Project Selection

On Monday morning I start my new job as a Project Manager. In this role I will be in charge of business reviews for different directors across my organization, as well as process improvement, and acting as a systems expert/liaison for my group. This will be my first project management role in my career and I am very excited about it. One of my first on-boarding duties is to be the point person for capital purchases prioritization. This will be my first time dealing with prioritization of capital purchases. Given this fact, I decided that I needed and wanted to look more into selection of projects in general and specifically capital purchases to get up to speed on best practices within my industry.

In our first class, we went over project selection techniques from chapter two of our book. Some of the models that were discussed were:

  • The Payback Model
  • Net Present Value (NPV) Model
  • Checklist Model
  • Multi-Weighted Scoring Model

After learning more about these methods in class, I definitely believe that using just one of these methods to select a project would not be a good idea. However, a mixed approach would be the best course of action in making the best choice for all stakeholders involved. I believe it really comes down to aligning the criteria with the strategic plan of the organization. Some organization’s project selection criteria are going to vary a great deal from others. For example, a nonprofit hospital’s criteria may not value financial criteria as much as other nonfinancial criteria. Obviously, the institution still has to keep the lights on, but the organization may want to do that while providing the best care to all demographics in their community.

So at this point I wanted to take a look at what resources were available online regarding this topic in addition to the guidance our book gave. At first I found multiple presentations and articles regarding systems that could be purchased in order to make the whole capital purchasing selection process run smoother for organizations:

http://nymetro.chapter.informs.org/prac_cor_pubs/Kleinmuntz%2009-08%20Optimizing%20Hospital%20Resource%20Allocation%20INFORMS%20NY%20Sep-08%20for%20Web.pdf

http://www.hfmmagazine.com/display/HFM-news-article.dhtml?dcrPath=/templatedata/HF_Common/NewsArticle/data/HFM/WebExclusives/2011/WebExclusives_Money

Then I found a link or two for consultants who could help in the planning or implementation phase of capital projects.

https://www.ecri.org/Forms/Documents/MS10047.pdf

Finally I came upon a link that gave me some great information regarding what some folks in my industry are currently doing versus what they should be doing regarding capital project selection.

http://www.hfma.org/Content.aspx?id=2691

After taking a look at the various resources available online, I have come to several conclusions regarding the best capital project selection process. First and most importantly, there must be an overall company strategy that Senior Management has set for the company to strive for. Secondly, there are no silver bullets or one process works for all in the capital project selection process. Third, this process should be a living thing that gets discussed throughout the fiscal year, not just when budget season rolls around.

Common Mistakes in Project Management/Selection

Our previous class featured much discussion about project selection.  We studied the film prioritization case, choose 4 class projects and shared individual experiences.  So I was curious to learn what a few common mistakes are in selection a project.  Joni Seeber, a project management professional, authored a short article on project selection for the American Society for the Advancement of Project Management (http://www.asapm.org/asapmag/articles/SelectionCriteria.pdf).  The article lists some key mistakes made. 

One common red flag listed is “lack of strategic fit with mission” and the article also discusses leveraging core competencies.  These points resonated with me after working with my group on our course project.  We came up with a great idea but became bogged down in trying to brainstorm additional ways to generate revenue.  Many of these ideas strayed from the stated mission.  Ultimately, one teammate suggested we focus on the core goal and not dilute our resources or become distracted with other ideas/projects.
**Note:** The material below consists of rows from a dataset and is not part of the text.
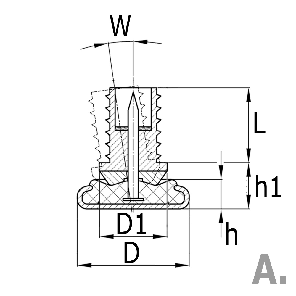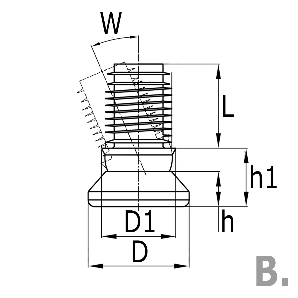 D=foot Ø, D1=collar Ø, h=foot height, h1=ball joint + foot, L=shaft length, Version=tube wall thickness, Version=Type of joint, Tube size=external tube dimension, W=angle of inclination in °
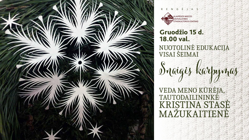 Gamtoje susidarančios snaigės – ledo kristaliukai – yra šešiabriaunės, šešiakampės, visos skirtingų raštų. Būtent šešiakampę snaigę ir mokysimės kirpti edukacinio renginio metu. Karpant snaigę, labai svarbus momentas yra popieriaus lapo sulankstymas. Nuo to priklauso, kiek kampų turės karpomas kūrinys. Toliau rūpinamės rašto komponavimu, tada jau kerpame. Iškarpytomis snaigėmis galime papuošti langus, eglutę ar pušies šaką šventėms, karpinys gali tapti nuostabia servetėle, stalo serviravimo puošmena.
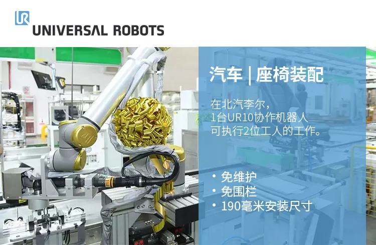 在某汽車行業(yè),1臺(tái)UR10協(xié)作機(jī)器人可以完成2個(gè)工人的工作。
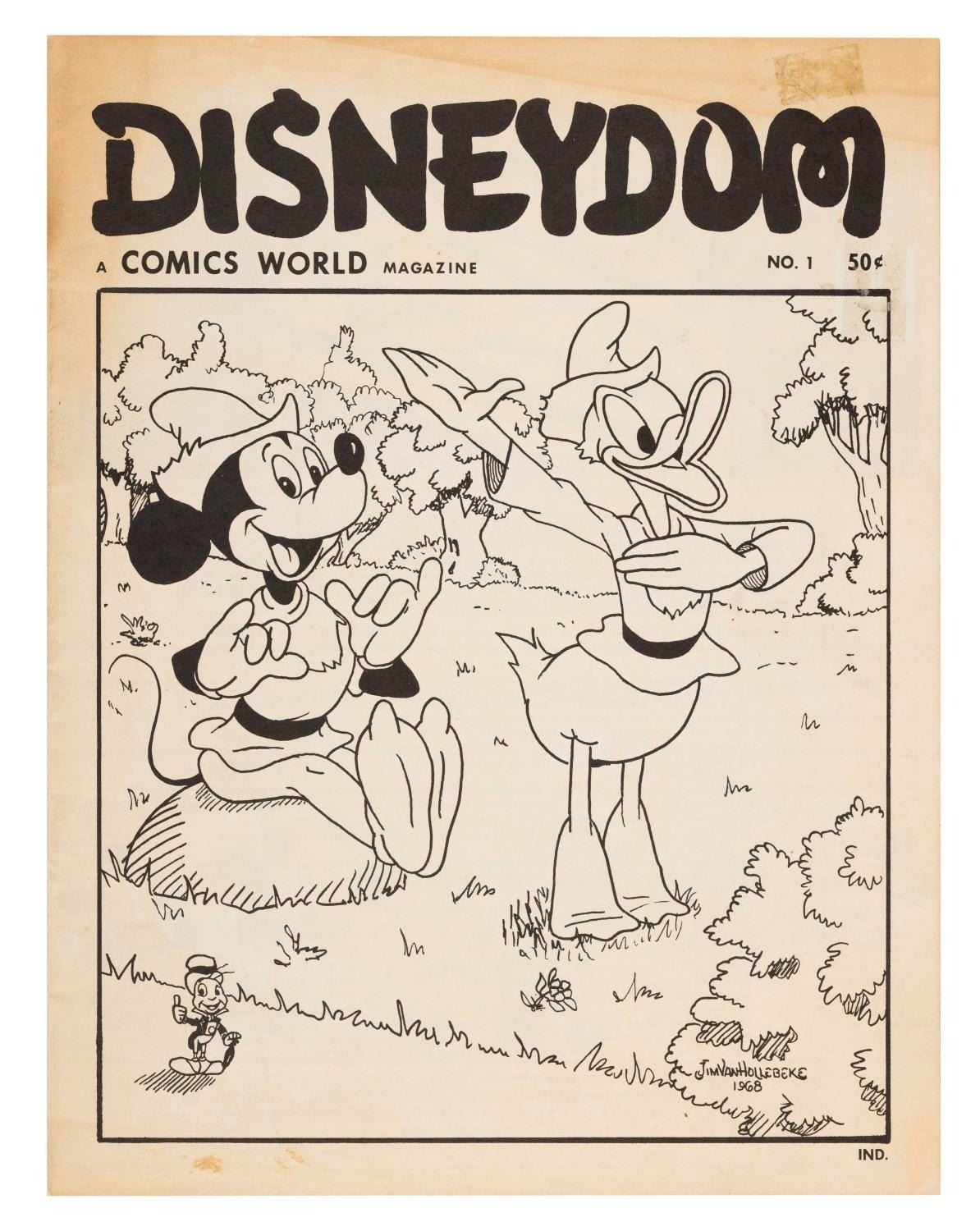 (Dan MacAvoy, 1969) The premiere issue of Disneydom, an early fan magazine for all things Disney. Contents include an article on Carl Barks, "The Way To Tour Disneyland," and a story on Mickey Mouse's 40th birthday. Measuring 8.5" x 11", the magazine is in very good condition with some discoloration to the cover from age and a spot of price sticker residue.
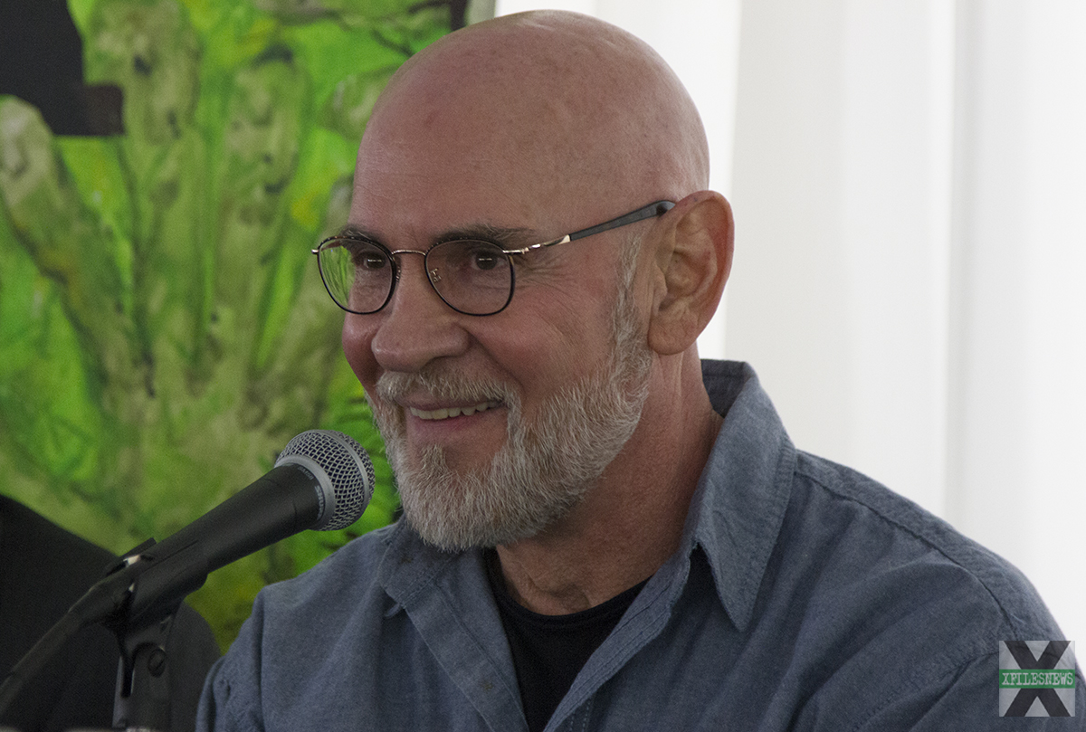 In addition to the usual photo ops and autograph sessions, five different panels gave fans a chance to hear stories and memories from the actors who brought some of our favorite characters to life. Starting the afternoon was the "Monsters of the Week" panel with Steve Railsback, Nick Chinlund, Tom Noonan, and Robert Wisden. Though he's famous for playing one of the creepiest characters in XF history, Chinlund kept the audience laughing. He shared a story about how he and David Duchovny knew each other as kids in school. And I'm sure you can guess what Wisden's, aka Pusher's, answer was when a fan asked him what his favorite color is.

Another stated mistake was “lack of stakeholder support.”  This is a big one.  In my career, I have worked on a couple process improvement projects aimed at improving ease-of-use and efficiency for users.  However, change can be very painful.  In one instance, the project was less successful because the users were not willing to spend additional time up front and reap the operational rewards later.  The next time we rolled out changes to this group of users, we spent a great deal of time of making the case to the users that the improvements were in their best interest.  Frankly, the case made to users was more thorough than the pitch to management who green lighted the project.

An interesting insight from this article is “studies show early termination of a troubled project can result in a 900% return on investment.”  This statement is fairly intuitive, but 900% is very surprising.  This highlights the important of checkpoints and status updates.  It can be difficult to kill a once-promising project, particularly with political implications.  Essentially, the most profitable decision you can make is not waste additional resources on a failing project.